■ Exercise description ■
At the line with "Bacia quadrada curta", start transcribing; stop after the last line of the data below. Keep it exact and leave pictures out.

[Excerpts from a dataset]
=======
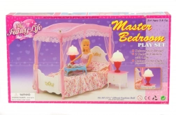 Offrez aux poupées un sommeil luxueux avec le lit à baldaquin élégant GLORIE. L’ensemble comprend un lit avec couvre-lit et coussin, deux tables de chevet et deux lampes qui s’allument en tournant le cylindre. Idéal pour les jeux créatifs et les maisons de poupées stylées.
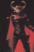 Said to be the spawn of the devil, Juda was defeated 50,000 years ago by Father of Ultra. Juda was an immaterial entity born from a Spacial Distortion and whose life was tied to that distortion. Because of this he desired to spread the distortion around the Universe, strengthening himself but threatening the stability of the Universe. After finding that he literally could not fight the space demon, Father of Ultra, used the training of his father and grandfather, and used his Ultra Horns ability to gather large amounts of energy to become strong enough to repair the distortions in space, resulting in Juda's defeat. However, Juda would later revive thousands of years later as the distortion that first created him returned. Now returned to the universe, Juda unleashed his evil by reviving Alien Hipporit to attack earth. While Ultraman Ace was preoccupied with the alien, Juda confronted Father of Ultra and the two battle, with Juda emerging victorious in all but killing him. As Father of Ultra was being restored, Juda then revived the monster Enmargo to attack earth, leaving Ultraman Taro occupied in fighting the evil monster. As Taro bravely went to Earth for his first real battle, Juda summoned the spirits of Alien Baltan, Red King, Gomora, Alien Mefilas, Eleking, and Alien Hipporit and combined them to create the monstrous machine known as Grand King. Juda laughed with pride as he watched Grand King easily shrug off opposition from the other ultras (Ultraman, Zoffy, Ultraseven, Ultraman Jack, and Ultraman Ace.) Even with the late appearance of Taro to assist his brothers, Juda's creation was far too powerful for them to defeat. However, Juda's plans were foiled after the other ultra brothers merged with Taro and Grand King was destroyed by Taro's Cosmos Miracle Beam. With his minions all destroyed, Juda then fled to the deepest reaches of space. Ultraman Story
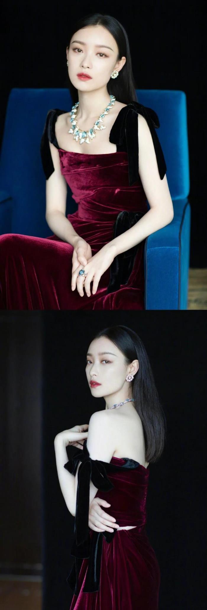 这条丝绒裙配上黑长直的造型出得更早,整个人看起来十分温柔古典,眉眼间带着笑意,仿佛有话要对你说。
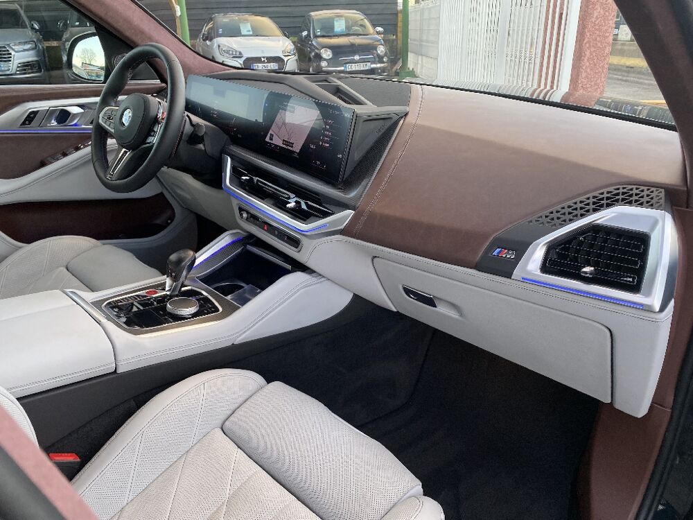 2 logos BMW gravés au laser en haut à gauche et à droite de la lunette AR, 3ème feu stop à LED intégré au spoiler, 5 sièges, ABS (système de freinage antiblocage) y compris assistant de freinage d'urgence en virage, Accès Confort, Accoudoir central AV/AR, Airbag central (siège conducteur), Airbag passager AV déconnectable, Airbags de tête (se déploient depuis la garniture de pavillon) pour le 1er et le 2e rang de sièges, Airbags frontaux conducteur et passager AV avec détection d'occupation du siège, Airbags latéraux conducteur et passager AV (intégrés dans les dossiers de siège AV), Alarme antivol, Anti-démarrage électronique EWS IV, Appel d'Urgence Intelligent (durée de vie de la voiture), Appui lombaire ajustable pour le conducteur et le passager AV, Appuis-tête AV/AR, Assistant d'attention avec analyse du comportement de conduite du conducteur : détection somnolence, Avertisseur 2 tons, Avertisseur de risque de collision et système anti collision à basse vitesse, Avertisseur sonore pour piétons, Bandes décoratives de toit en noir brillant, Banquette AR rabattable 40/20/40, BMW IconicSounds Electric, BMW ID permettant d'enregistrer des paramètres personnalisés et d'avoir accès à toutes les fonctionnalités, BMW iDrive avec caractéristiques M, BMW Live Cockpit Navigation Pro (Affichage Tête Haute HUD en couleur et Réalité Augmentée), Boîte à gants verrouillable, Boîte de vitesses automatique Sport Steptronic à 8 rapports avec fonction Hold et palettes de changement de vitesse au volant, Bouton de démarrage du moteur Start/Stop sans manipulation de la clé, Buses de lave-glace chauffantes dissimulées sous le capot, Câble de recharge BMW Flexible Charger 2.0 Mode 2 (prise domestique - T2) pour la recharge à domicile - 6 mètres, Câble de recharge Professionnel Mode 3 (T2-T2) pour la recharge publique - 5 mètres, Cadres de fenêtres latérales comprenant une bande en Night Gold avec badge XM, Calandre illuminée "BMW Iconic Glow", Ceintures de sécurité M, Ciel de pavillon sculptural 3D illuminé en Alcantara noir, Clés radiocommandées à mémorisation automatique des réglages "Personal Profile" (x 2), Climatisation automatique 4 zones, Commande électrique du coffre, Commande gestuelle, Contrôle Dynamique de stabilité DSC, Contrôle dynamique de traction DTC, Dalle de recharge par induction, Désignation du modèle "XM" à gauche, Désignation du modèle XM en Night Gold AR gauche, Détecteur de pluie et allumage automatique des projecteurs dans l'obscurité, Différentiel M Sport, Diffuseur AR en noir brillant avec éléments décoratifs en Night Gold, Direction à assistance électrique Servotronic, Drive Assist, Eclairage au sol (Welcome Light Carpet), Eclairage d'ambiance, Ecrous de roues antivol, Eléments de commande galvanisés, Entourage de calandre en Night Gold, Entourage de fenêtre latérale comprenant une bande en Night Gold avec badge XM, Entrées d'air extérieures et centrales dans le pare-chocs AV en noir brillant, Fermeture assistée des portes Soft Close, Fermeture du véhicule avec verrouillage centralisée et verouillage des portes après démarrage, Feux AR à technologie LED en 2 parties, Feux de route anti-éblouissement, Feux de stop dynamiques clignotants, Fixations ISOFIX aux 2 places latérales AR, Fonction "Follow me Home", Frein de parking électromécanique, Freins à disques ventilés AV/AR, Freins M Sport noirs, Hayon sans logo BMW, Inserts de poignée de porte prisme en noir brillant, Inserts décoratifs M en fibre de carbone, Jantes en alliage léger 21" M rayons doubles style 918 M avec pneumatiques mixtes AV : 9, Kit de mobilité BMW, Lève-vitres AV/AR électriques avec commande par impulsion et sécurité anti-pincement, Logo XM dans la calandre gauche, Logo XM entouré en Night Gold dans la calandre à gauche, Mesure individuelle de pression des pneumatiques, Motorisation M Hybrid V8 avec M TwinPower Turbo essence V8 (Injection directe, Notice d'utilisation de la voiture intégrée et carnet d'entretien électronique avec BMW Service History, Pack aérodynamique M, Pack chauffage intégral, Pack Confort, Pack Connected Pro (dont Apple CarPlay et Android Auto), Pack Connected Pro (dont Apple CarPlay et Android Auto) Fonctions "Ma BMW à distance" (durée indéfinie) :commande à distance du véhicule (verrouillage, Pare-chocs déformables en cas de choc, Pare-soleil (en alcantara) pour conducteur et passager AV avec porte-ticket, Park Assist Plus, Park Assist Plus Caméra de recul intégrée, Passage de roue en noir brillant, Personal eSim, Poches de porte AV/AR (1 bouteille de 1, Poignées de maintien dans les 1ère et 2ème rangs de sièges (sièges extérieurs) intégrées dans le ciel de pavillon, Porte-gobelets : 2 x AV et 2 x accoudoir central AR (pour les passagers de la deuxième rangée de sièges), Portes gobelets chauffant et réfrigérant, Prises 12V (chargeable jusqu'à 20A max.) : 1 x console centrale AV, Prises USB : 1x port
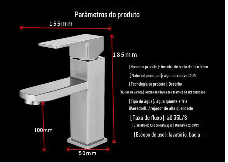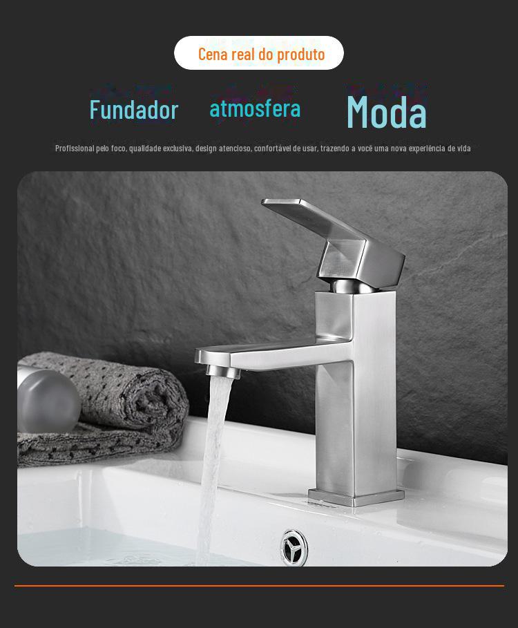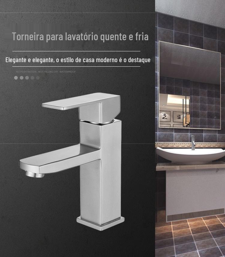 Bacia quadrada curta torneira quente e fria 304 aço inoxidável 19cm quadrado torneira bacia escovada
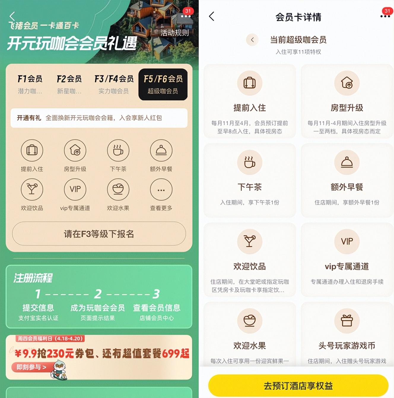 飞猪与开元森泊合作迎来升级,开元森泊正式与飞猪打通会员体系。飞猪F5、F6会员可直通开元玩咖会最高等级“S4超级咖会员”,体验11项专属权益。
=======
■ Task response ■
 Bacia quadrada curta torneira quente e fria 304 aço inoxidável 19cm quadrado torneira bacia escovada
 飞猪与开元森泊合作迎来升级,开元森泊正式与飞猪打通会员体系。飞猪F5、F6会员可直通开元玩咖会最高等级“S4超级咖会员”,体验11项专属权益。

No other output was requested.